Styx Stealer was developed by a Turkish hacker known as “Sty1x,” who marketed it via Telegram, charging between $75 per month and $350 for unlimited access. An operational security lapse exposed his identity and connections with a Nigerian cybercriminal linked to an Agent Tesla campaign. This revelation highlighted the broader network of cybercriminals involved in various illicit activities, including targeting Chinese firms.

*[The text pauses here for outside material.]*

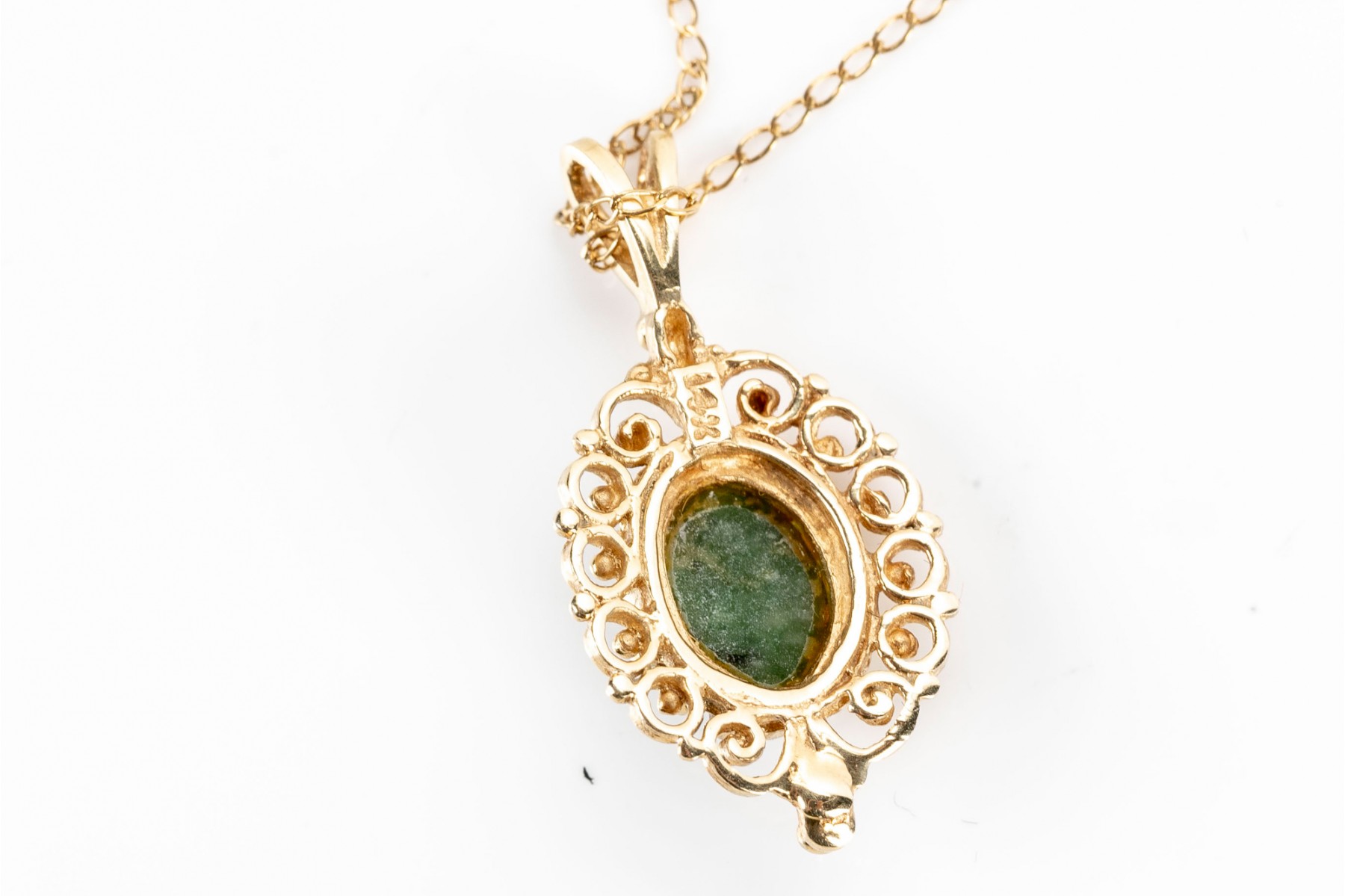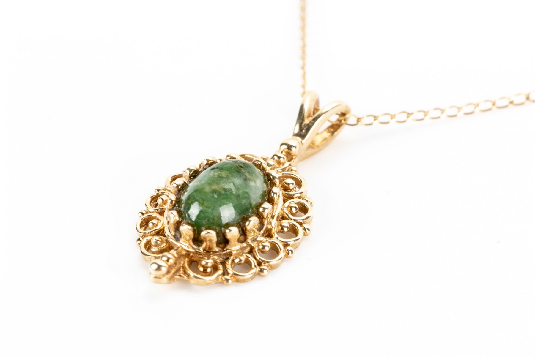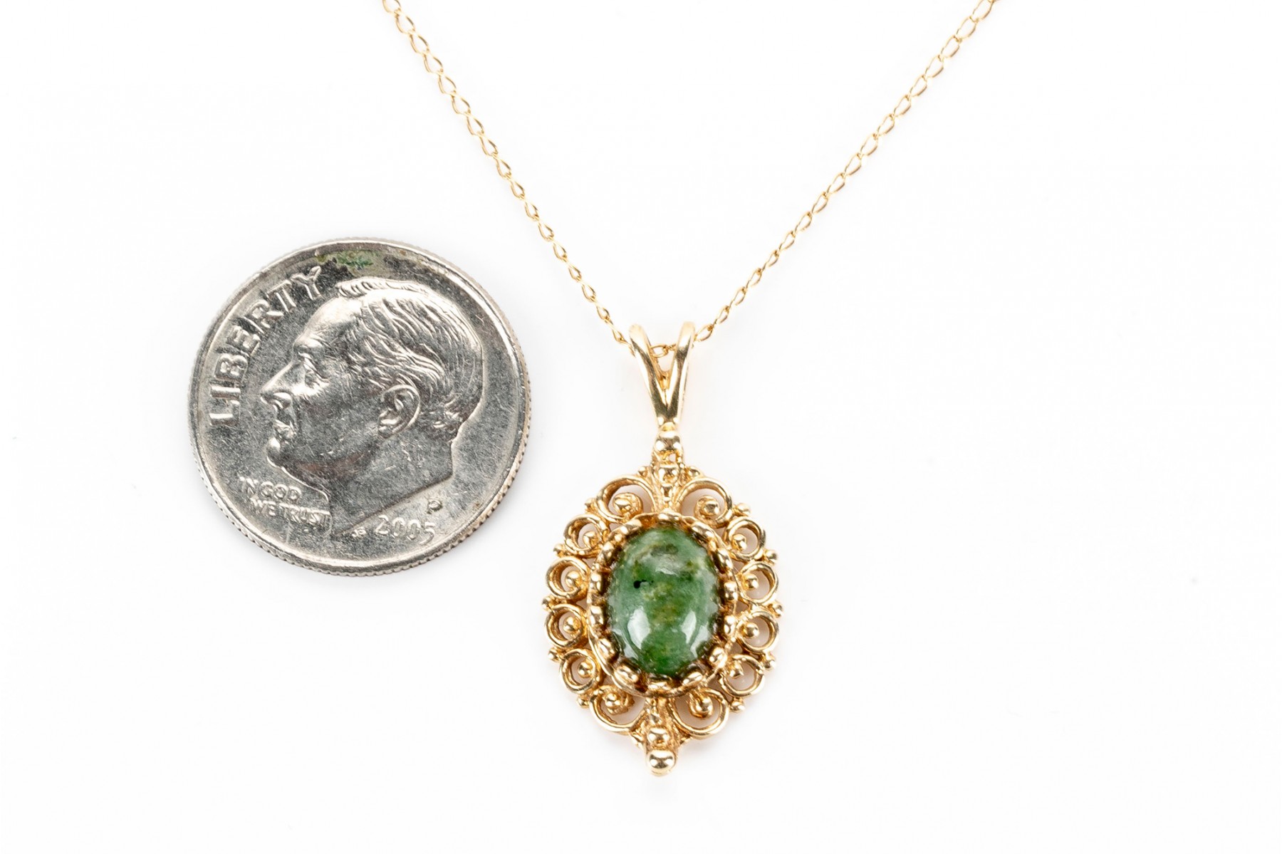 A 14K yellow gold pendant necklace. Displayed on a delicate cable link style chain is a pendant with an elegant open frame around a green serpentine stone. Spring ring clasp.

Despite Sty1x’s efforts, there are no confirmed victims beyond their own systems and a few security sandboxes, suggesting that their attempts to widely distribute Styx Stealer were largely unsuccessful.

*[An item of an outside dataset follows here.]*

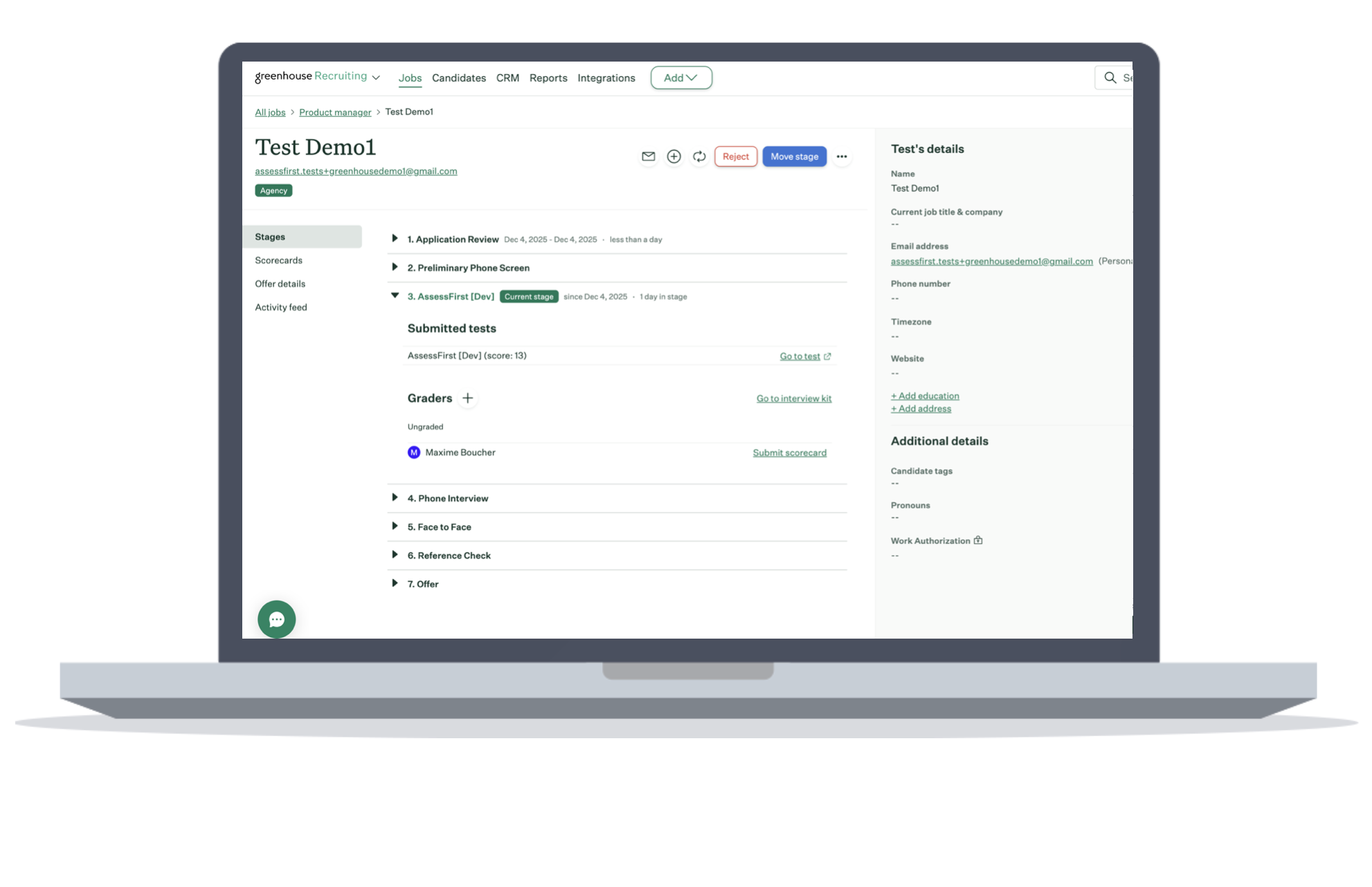 1. Once the candidate has completed the assessments, you can return to the candidate's file in Greenhouse.

New Phishing Attack Targets Android & iOS Users

A new phishing attack targeting both Android and iOS users has been discovered, combining traditional social engineering techniques with the use of Progressive Web Applications (PWAs) and WebAPKs. First identified in November 2023, the attack primarily targets clients of Czech banks, though cases have also been reported in Hungary and Georgia, indicating a wider spread. The attackers employ various delivery methods, such as automated voice calls, SMS messages, and social media ads, which often use official bank mascots and logos to lure victims to a phishing link mimicking a Google Play page. If accessed via a mobile device, the page prompts the installation of a phishing app disguised as a legitimate banking application.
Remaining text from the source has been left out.